Inspired by Marie Kondo’s best-selling books The Life-Changing Magic of Tidying Up and Spark Joy, I’ve been doing some spring cleaning.
Going through my collection of books, I found two Sarah Ban Breathnach journals (Simple Abundance Journal of Gratitude) I kept more than 15 years ago.
These simple journals are intended to be for recording a list of daily gratitudes. As Sarah says on the back cover of Simple Abundance:
Gratitude is the most passionate transformative force in the cosmos. When we offer thanks to God or to another human being, gratitude gifts us with renewal, reflection, reconnection.
The Simple Abundance journals I found in my book collection were from one of the most painful seasons of my adult life. Yet on page after page I found gratitude entries like these:
- being able to laugh
- the color and texture of yarn
- clarity
- pancakes
On some days, I recorded key pieces of data about important events from that particular day. Remarkably, there were many days I managed to find things to be grateful for even when the events of the day had been quite painful — or even devastating.
In the last chapter of my upcoming book Moving Beyond Betrayal: The 5-Step Boundary Solution for Partners of Sex Addicts I talk about partners who — over time — arrive at a deep sense of gratitude about their journey from betrayal to healing and ultimately empowerment.
Sound impossible?
Here’s a portion of Chapter 11 – Partners Beyond Betrayal: Trust, Gratitude, and Forgiveness:
I am grateful for recovery. When I started in recovery, I was doing it to help my addict and I was very resentful. I thought, “He is the one with the problem, why should I have to attend meetings?” The first time I heard another woman in a meeting say she was grateful for recovery, I thought, “She must be smoking something!”
—Paula R.
Smoking something indeed!
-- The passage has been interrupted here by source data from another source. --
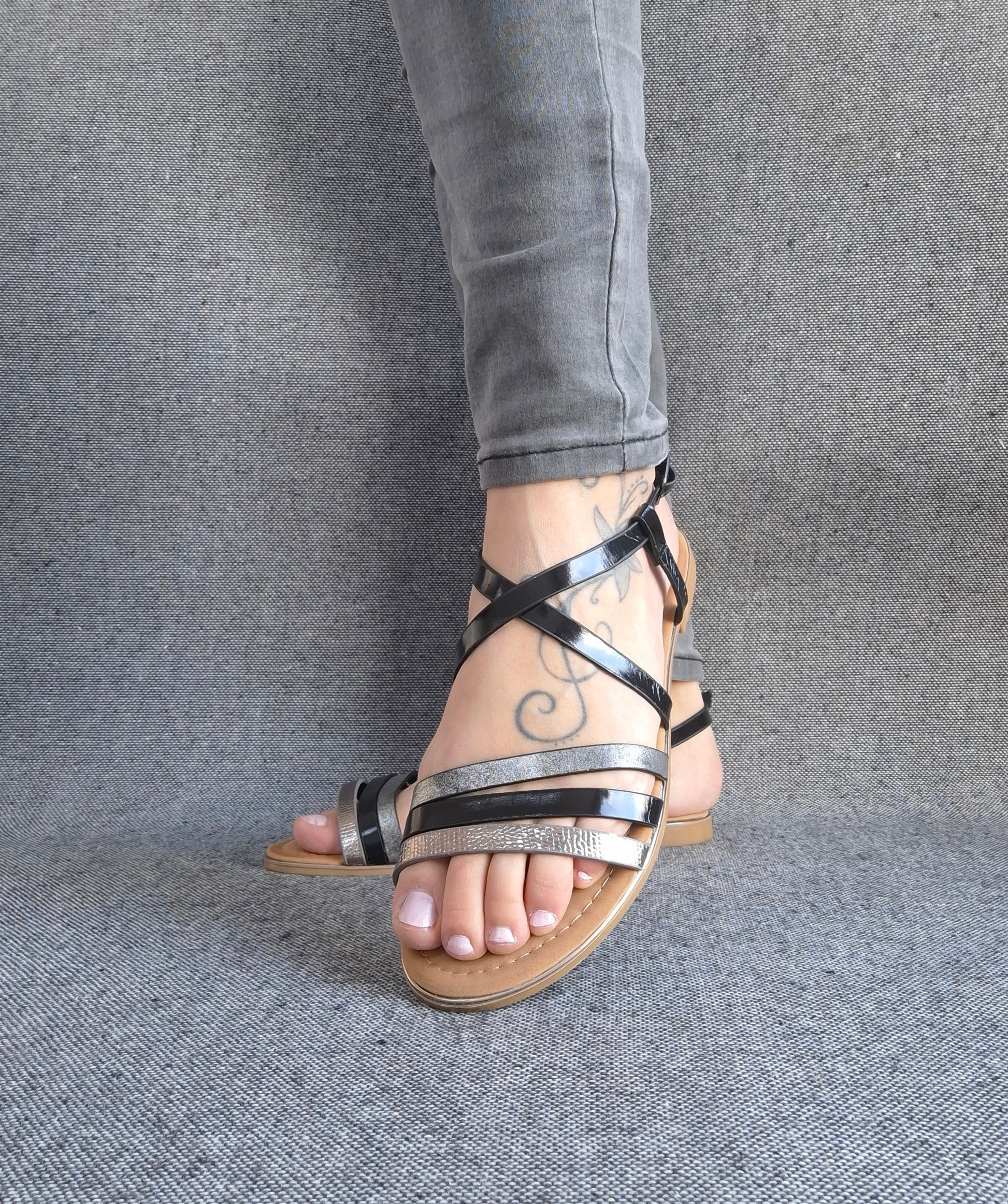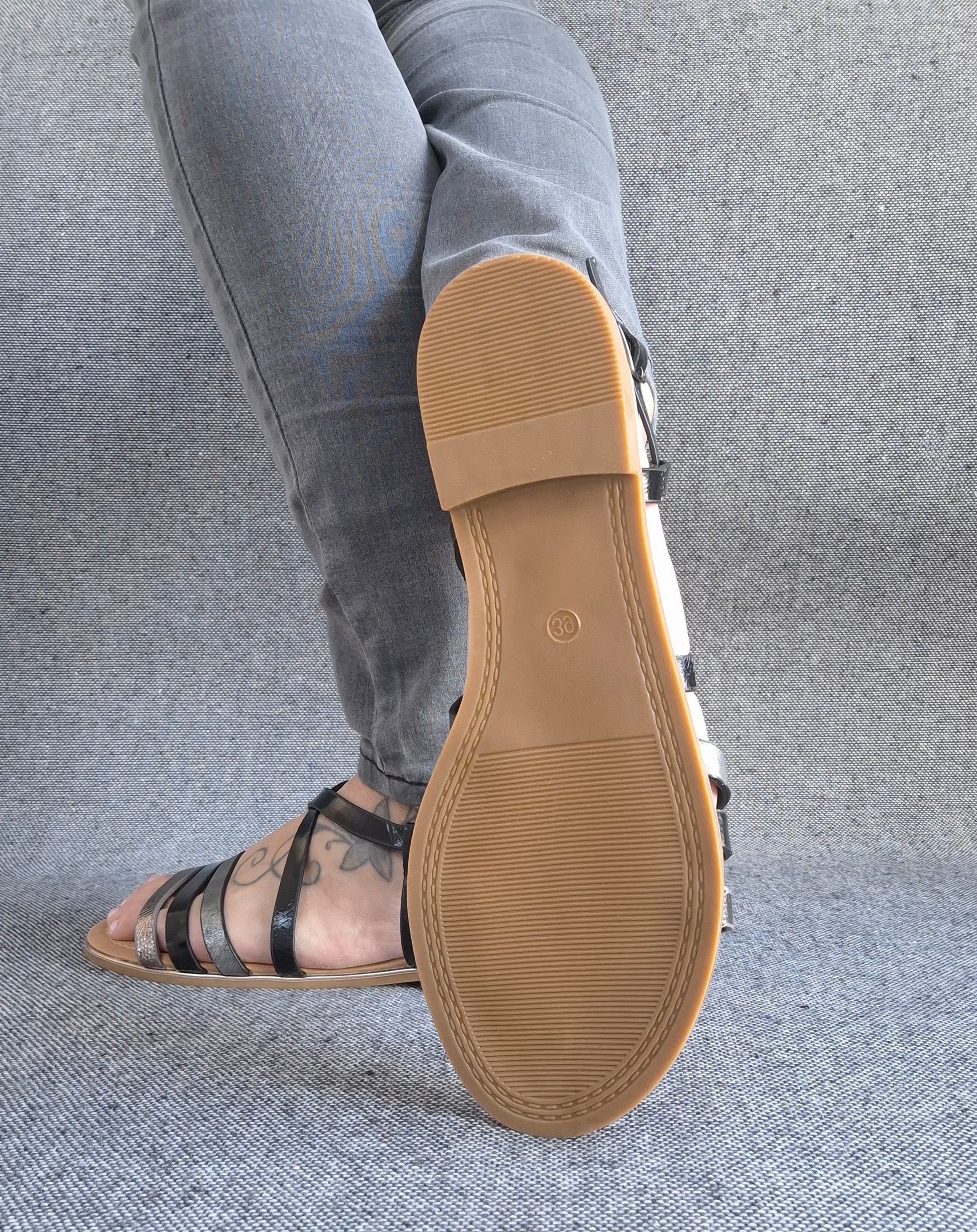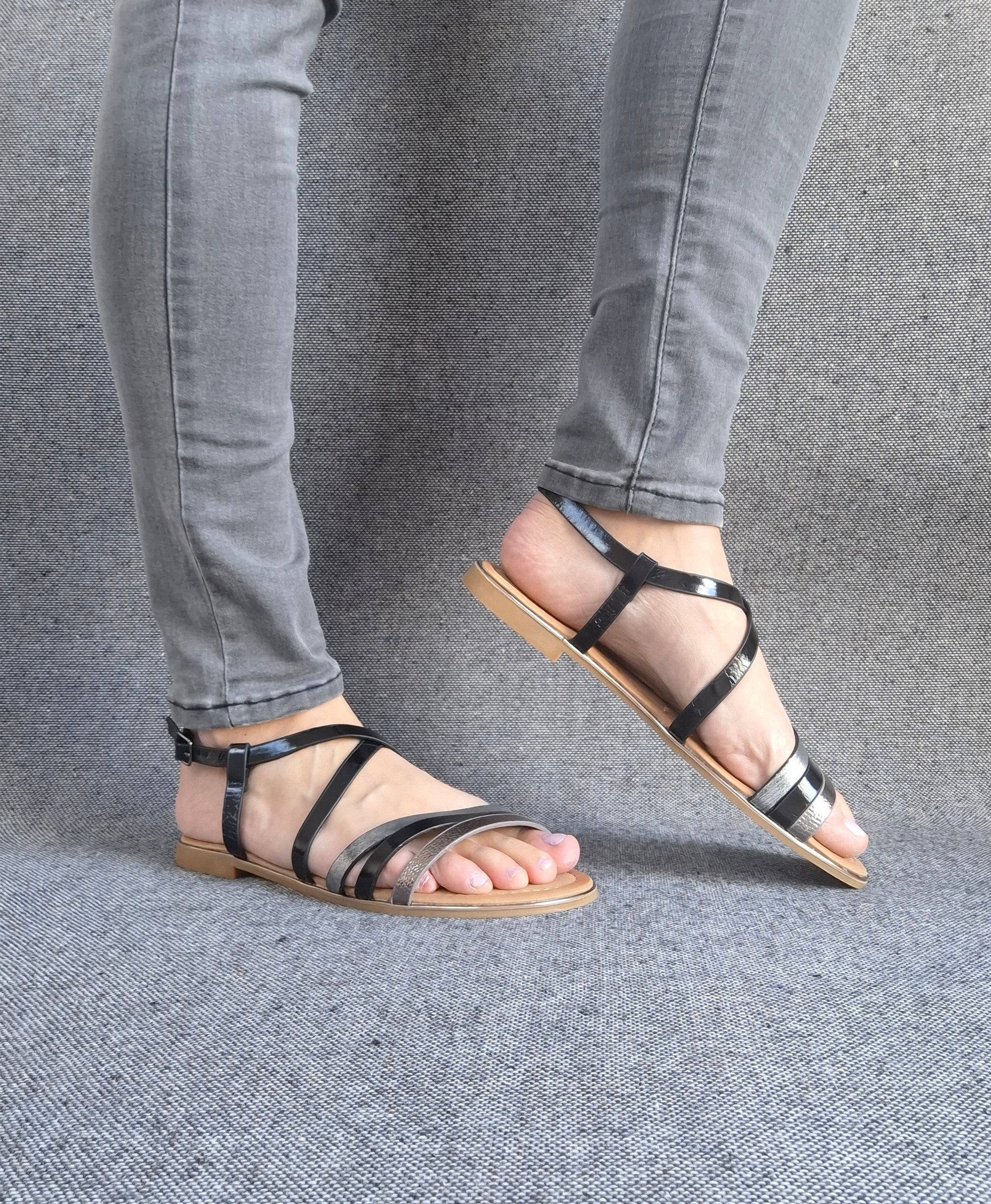 Les sandales plates se caractérisent par une silhouette raffinée et des teintes gaies.
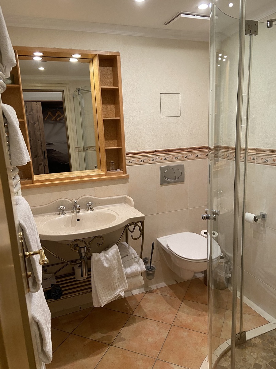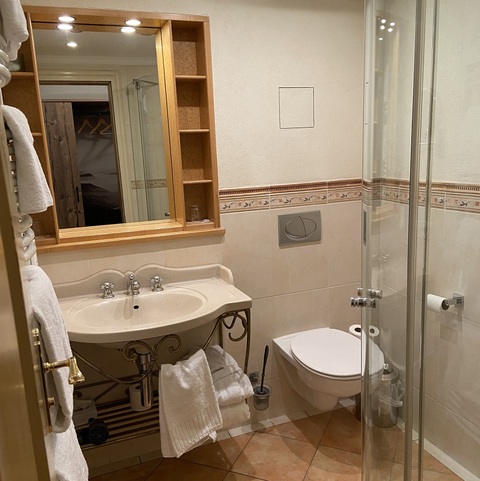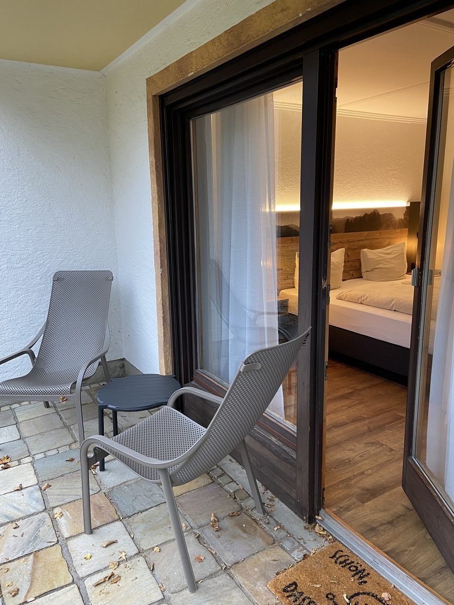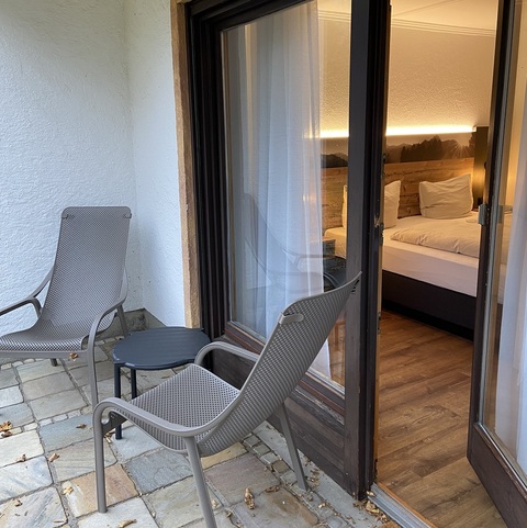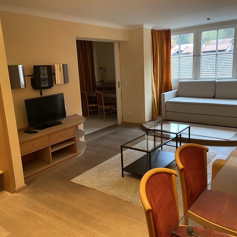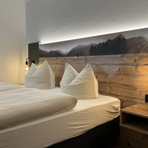 Ein grandioser Blick auf den Wendelstein: Die Suite Firenze im italienischen Stil mit Schlaf- und Wohnbereich ist 45 qm groß und verfügt über ein Doppelbett, Schreibtisch, Balkon und zwei Sofas, die zu 2 Betten für 4 weitere Personen umfunktioniert werden können. Sie wird gerne als Hochzeitssuite gebucht. Desweiteren ist die Suite ausgestattet mit TV, Dusche/WC und WLAN.
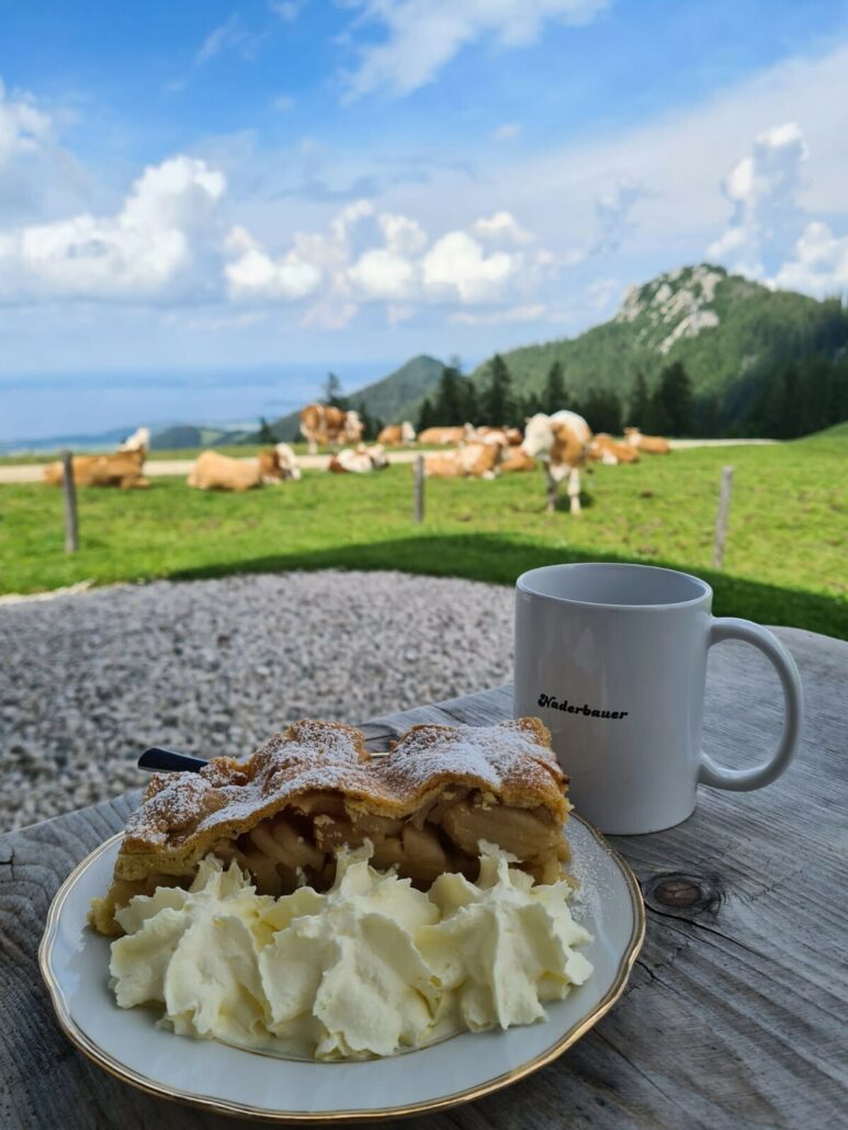 Einkehrmöglichkeiten: Berggasthof Staffn-Alm, Piesenhausener Hochalm (*), Steinling Alm (mit Umweg) (*) almtypische Brotzeit, Kaffee und Kuchen (bitte individuelle Öffnungszeiten beachten)

The idea of a “grateful partner of a sex addict” may seem ludicrous. How can a partner feel gratitude for all the pain and trauma she has gone through as a result of being in a relationship rocked by chronic infidelity?
Remarkably, many betrayed partners reach a point in their healing and recovery when they realize they would have never experienced the gifts, growth, or the empowerment they acquired without the unwelcome trauma—addiction—that came into their life.
It is a basic fact of human nature that we rarely grow without struggle, pain, fear, or conflict. And while no one would ever wish the kind of devastation partners experience on anyone, ultimately what we do with what happens to us is more important than what happens to us.
What are you grateful for?
Even in the darkest of times there are pockets of potential gratitude. A beautiful sunrise or sunset, an exuberant greeting from a pet at the end of a weary day, a hot cup of tea, a child’s laugh, or a simple cool breeze.
Find something to be grateful for today.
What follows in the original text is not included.